▶ **What to work on**
Transcribe only the part of the material below that begins at the line containing "透明感を生むアイカラーパレットに、ハリツヤ肌を育む乳液&化粧水のミニサイズが。エクシア アイカラー ヴォロンテ" and ends at the line containing "Honor and cherish", with both kept and images left out.

▶ **Source data**
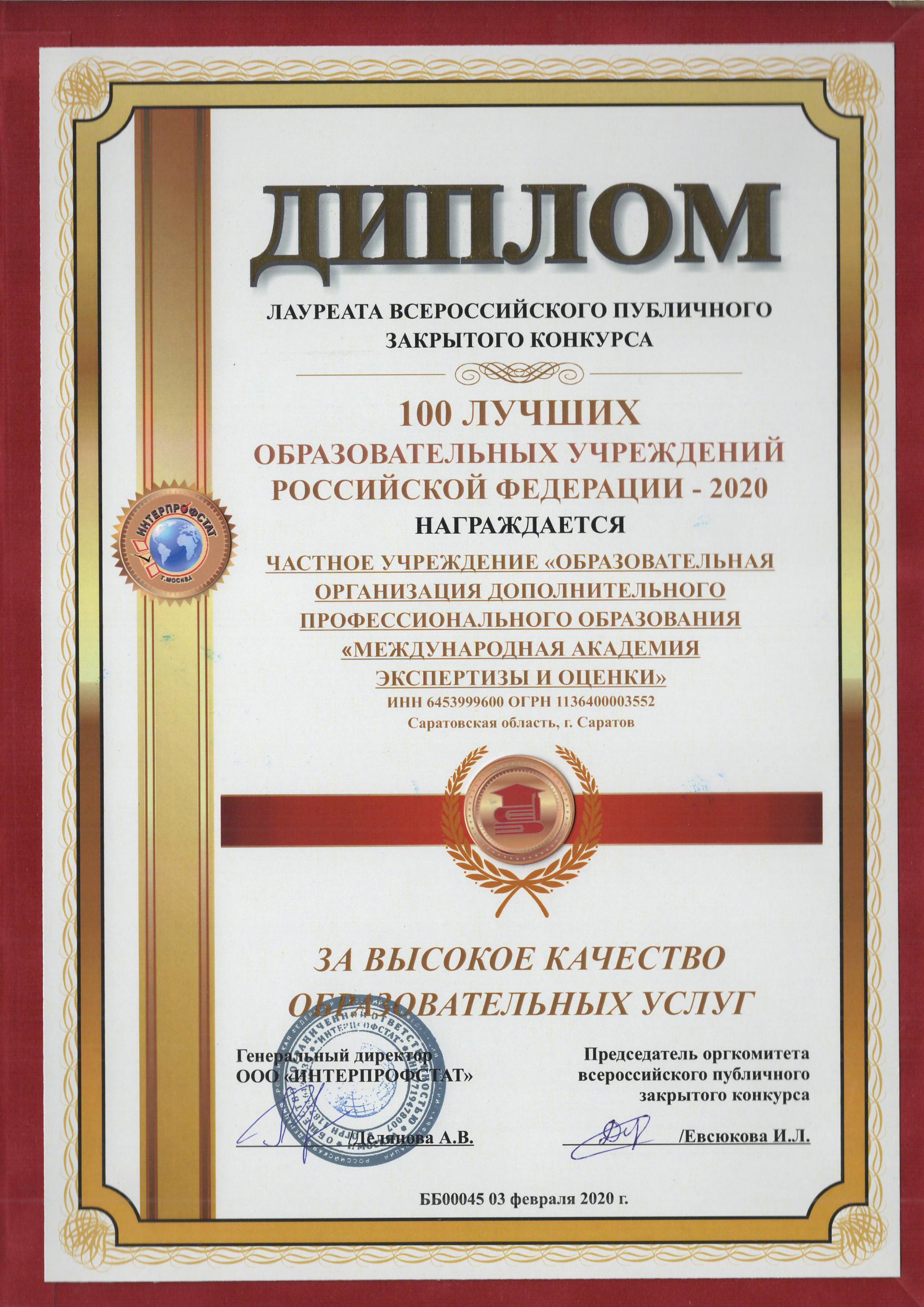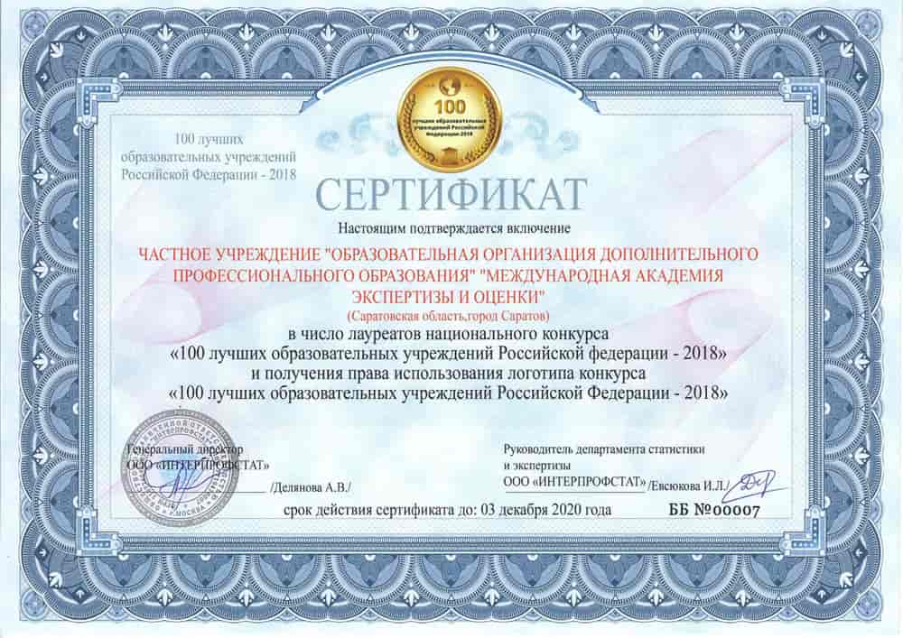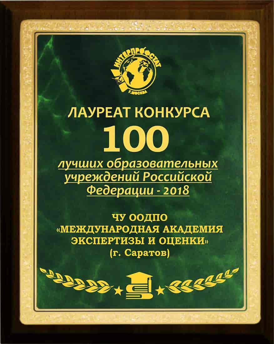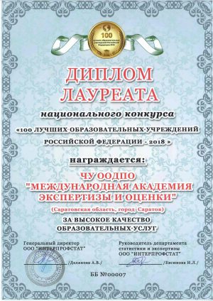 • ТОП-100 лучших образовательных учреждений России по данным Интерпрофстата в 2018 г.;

...

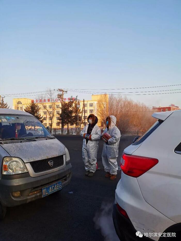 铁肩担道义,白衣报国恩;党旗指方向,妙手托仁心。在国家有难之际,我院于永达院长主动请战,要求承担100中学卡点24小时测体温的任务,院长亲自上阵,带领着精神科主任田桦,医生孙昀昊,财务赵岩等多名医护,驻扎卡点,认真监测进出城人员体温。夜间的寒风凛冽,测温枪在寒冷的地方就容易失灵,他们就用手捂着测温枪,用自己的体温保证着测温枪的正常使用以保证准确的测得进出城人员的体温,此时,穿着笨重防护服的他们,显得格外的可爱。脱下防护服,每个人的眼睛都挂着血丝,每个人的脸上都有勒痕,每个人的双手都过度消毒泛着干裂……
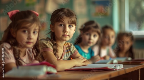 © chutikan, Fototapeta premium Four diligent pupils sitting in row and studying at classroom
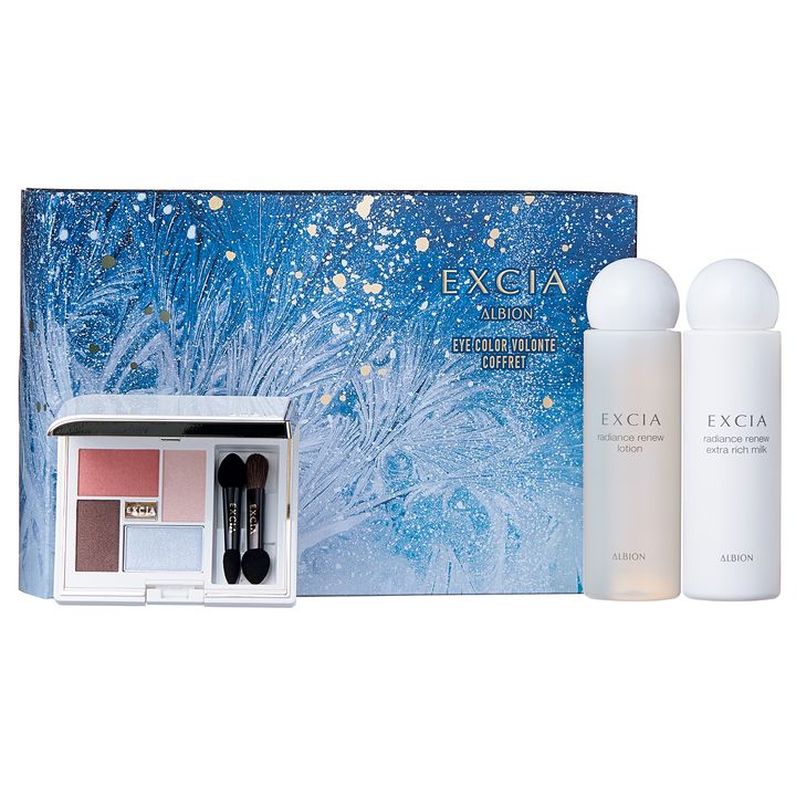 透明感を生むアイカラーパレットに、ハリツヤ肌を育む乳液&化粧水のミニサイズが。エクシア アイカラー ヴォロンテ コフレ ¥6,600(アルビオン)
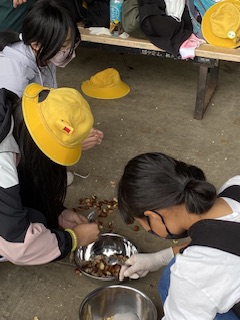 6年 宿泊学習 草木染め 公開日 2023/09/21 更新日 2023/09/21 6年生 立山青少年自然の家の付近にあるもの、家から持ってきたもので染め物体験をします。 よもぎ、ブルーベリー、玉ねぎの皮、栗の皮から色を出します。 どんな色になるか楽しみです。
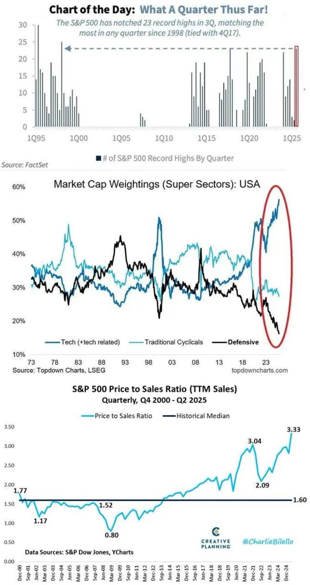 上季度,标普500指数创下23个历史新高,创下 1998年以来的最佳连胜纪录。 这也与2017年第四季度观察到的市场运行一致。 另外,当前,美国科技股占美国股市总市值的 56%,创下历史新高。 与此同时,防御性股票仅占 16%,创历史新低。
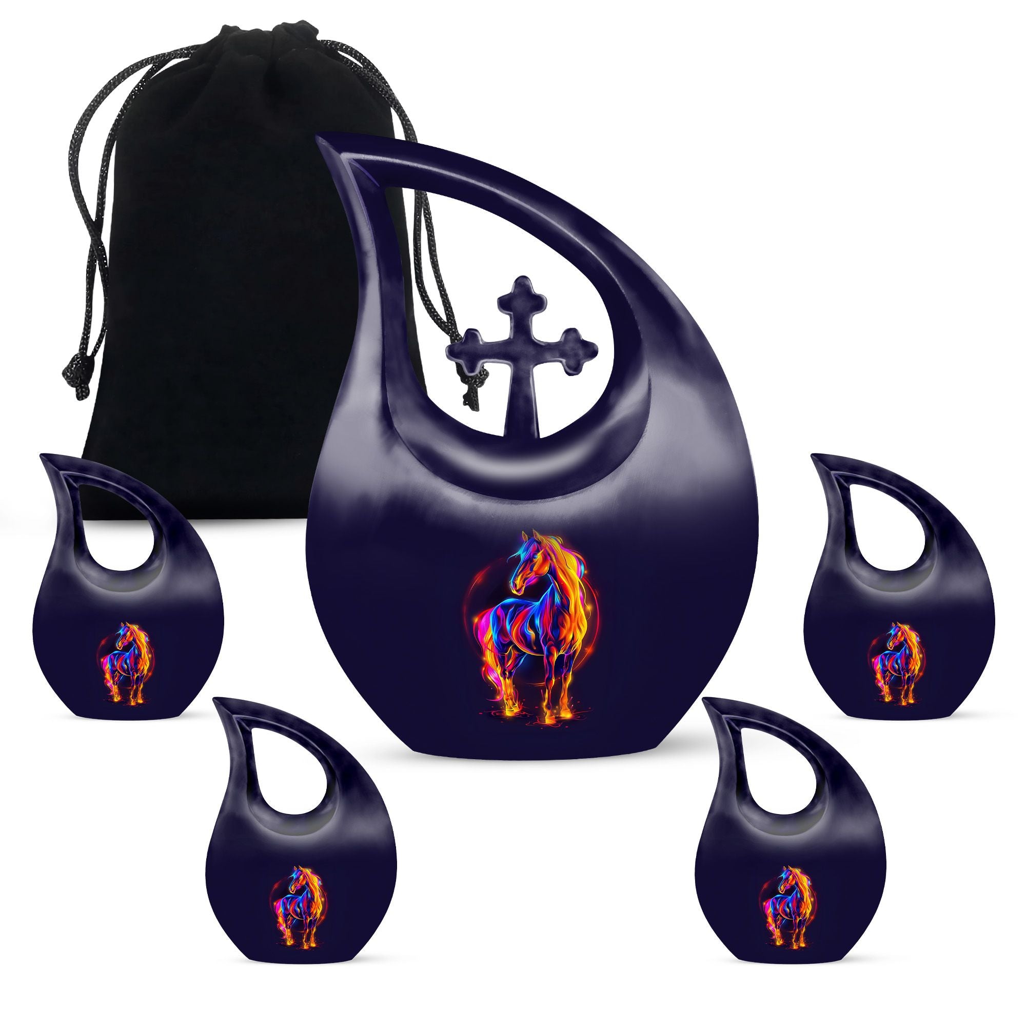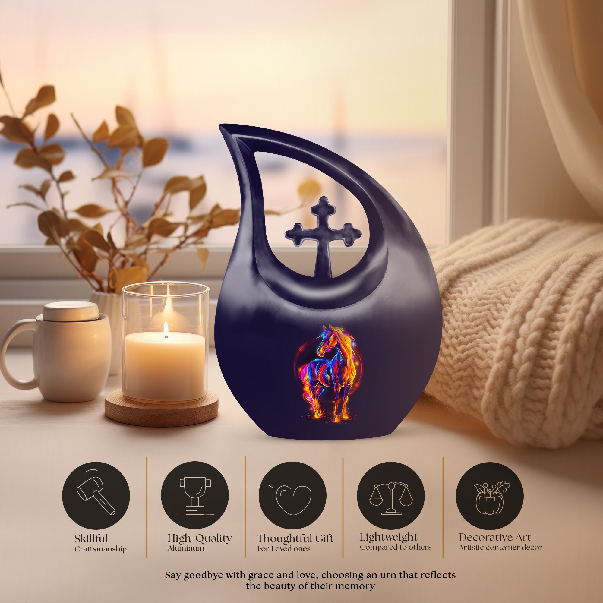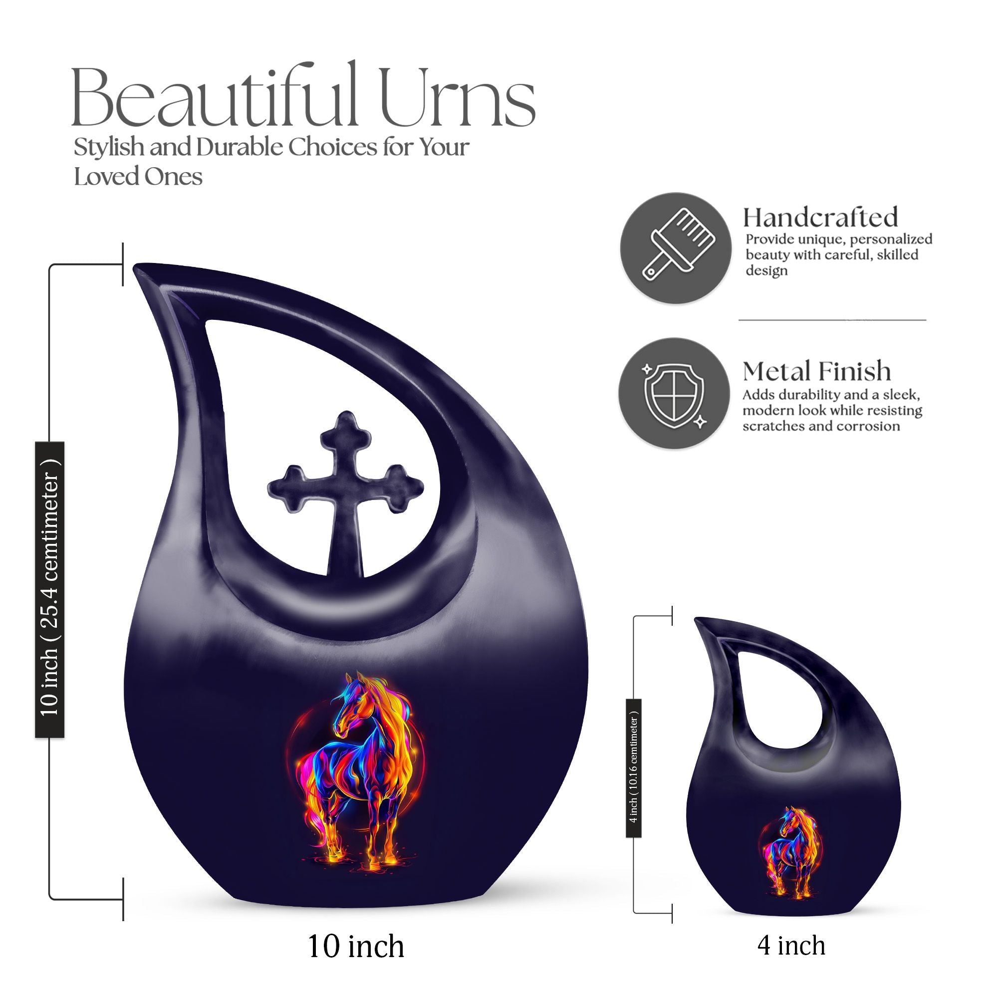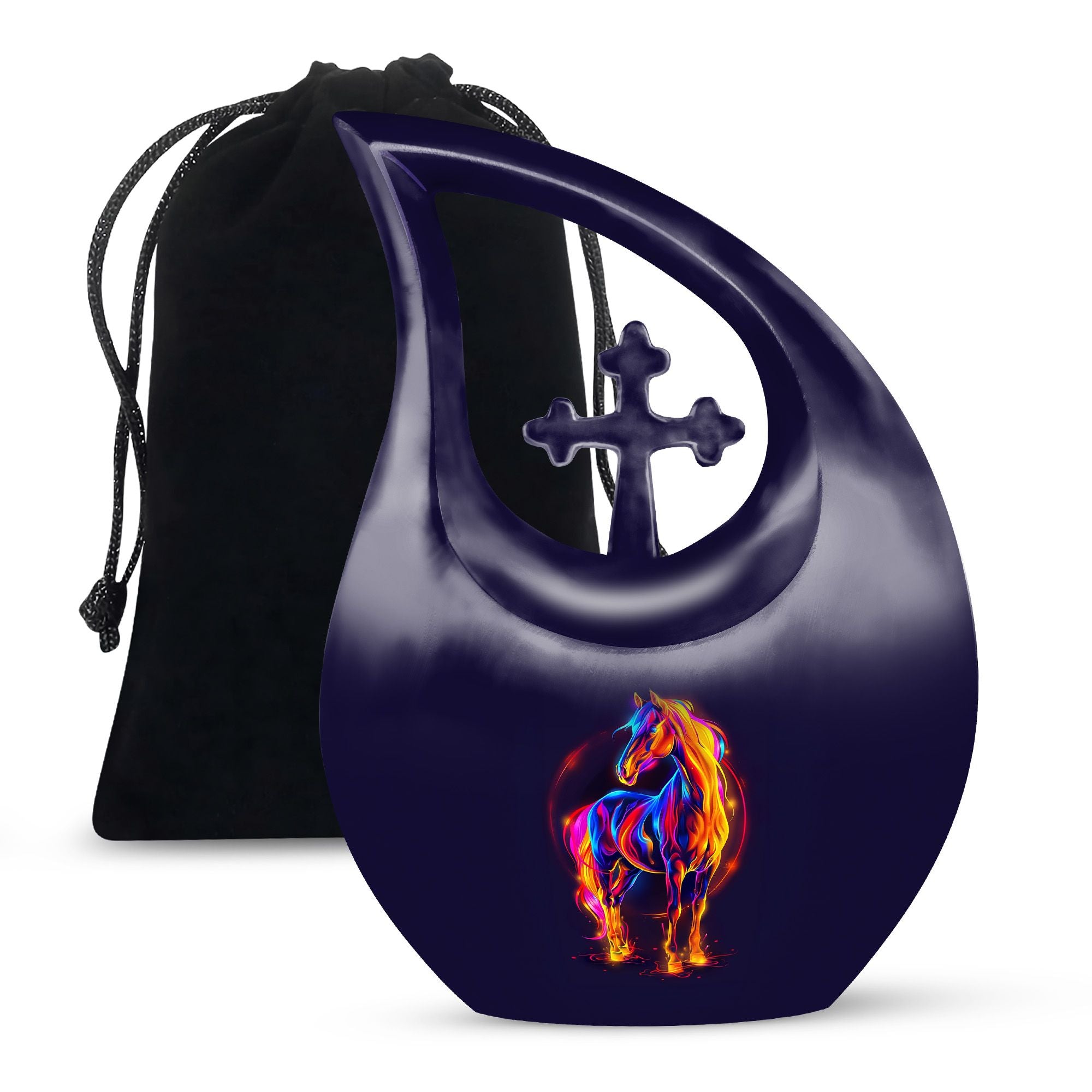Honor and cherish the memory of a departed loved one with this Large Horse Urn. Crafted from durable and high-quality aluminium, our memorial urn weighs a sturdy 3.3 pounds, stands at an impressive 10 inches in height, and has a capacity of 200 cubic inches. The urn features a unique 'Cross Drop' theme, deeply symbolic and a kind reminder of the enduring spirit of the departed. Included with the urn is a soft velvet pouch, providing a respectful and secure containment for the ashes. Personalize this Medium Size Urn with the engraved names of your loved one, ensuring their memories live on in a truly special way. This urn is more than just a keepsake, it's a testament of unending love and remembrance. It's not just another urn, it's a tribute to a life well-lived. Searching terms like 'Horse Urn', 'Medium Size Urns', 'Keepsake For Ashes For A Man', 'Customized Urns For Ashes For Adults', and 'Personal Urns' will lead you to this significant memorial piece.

▶ **Result for this task**
 透明感を生むアイカラーパレットに、ハリツヤ肌を育む乳液&化粧水のミニサイズが。エクシア アイカラー ヴォロンテ コフレ ¥6,600(アルビオン)
 6年 宿泊学習 草木染め 公開日 2023/09/21 更新日 2023/09/21 6年生 立山青少年自然の家の付近にあるもの、家から持ってきたもので染め物体験をします。 よもぎ、ブルーベリー、玉ねぎの皮、栗の皮から色を出します。 どんな色になるか楽しみです。
 上季度,标普500指数创下23个历史新高,创下 1998年以来的最佳连胜纪录。 这也与2017年第四季度观察到的市场运行一致。 另外,当前,美国科技股占美国股市总市值的 56%,创下历史新高。 与此同时,防御性股票仅占 16%,创历史新低。
Honor and cherish the memory of a departed loved one with this Large Horse Urn. Crafted from durable and high-quality aluminium, our memorial urn weighs a sturdy 3.3 pounds, stands at an impressive 10 inches in height, and has a capacity of 200 cubic inches. The urn features a unique 'Cross Drop' theme, deeply symbolic and a kind reminder of the enduring spirit of the departed. Included with the urn is a soft velvet pouch, providing a respectful and secure containment for the ashes. Personalize this Medium Size Urn with the engraved names of your loved one, ensuring their memories live on in a truly special way. This urn is more than just a keepsake, it's a testament of unending love and remembrance. It's not just another urn, it's a tribute to a life well-lived. Searching terms like 'Horse Urn', 'Medium Size Urns', 'Keepsake For Ashes For A Man', 'Customized Urns For Ashes For Adults', and 'Personal Urns' will lead you to this significant memorial piece.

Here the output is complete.